There was no mention of reported FBI, Homeland Security and Treasury involvement in the ongoing artifact recovery process despite this illuminating passage:
Well-organized professional thieves systematically looted the choice artifacts. Staff members intervening to save the most valuable objects were told they would be killed if they persisted. Witnesses reported seeing well-dressed men walking through the galleries talking into walkie-talkies or cell phones. One museum official claimed that two "European-looking" men entered the museum, pointed out individual objects, and then left. Artifacts were removed and hauled away in convoys of vans. "It is true that definitely some of the looters were very organized," says archaeologist Francis Deblauwe. "They even brought equipment to lift some of the heavier pieces.
Also, glass cutters were found of a type that’s not readily available in Iraq." Gil Stein, Professor of Archaeology at the University of Chicago, felt that it appeared that unscrupulous art dealers had placed orders in advance. "They were looking for very specific artifacts. They knew where to look." Claud-Peter Haase, Director of the Islamic Museum in Berlin, commented, "The people who did this knew precisely where the most priceless treasures were kept. They sought out certain objects, tracking them down and zeroing in on them as though they had a shopping list and a floor plan of the museum. It is also noteworthy just how these people were able to break into vaults and safes.

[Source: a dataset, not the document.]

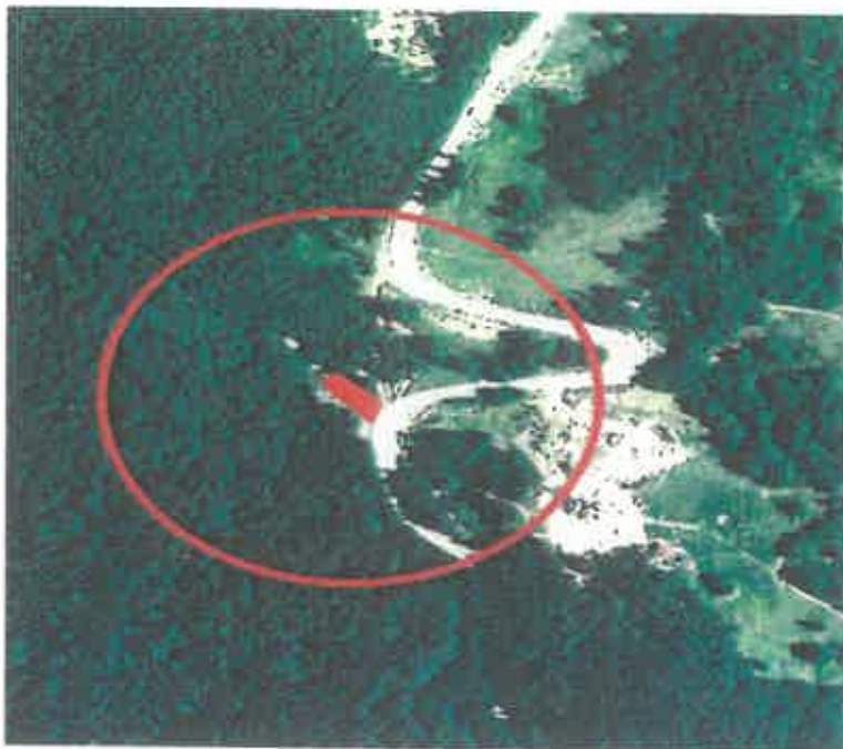
Plan de încadrare în zonă – parcare ” Pasul Neteda” – Amplasament 1

These people were professionals and definitely knew what they were doing."
The Art Newspaper has the Homeland Security angle and reports a development that coincidentally benifits a certain dealer/collector lobbying group:
Agents who had concentrated exclusively on tracking and seizing smuggled art have now been redeployed to investigate cases related to the war on terrorism and financial fraud.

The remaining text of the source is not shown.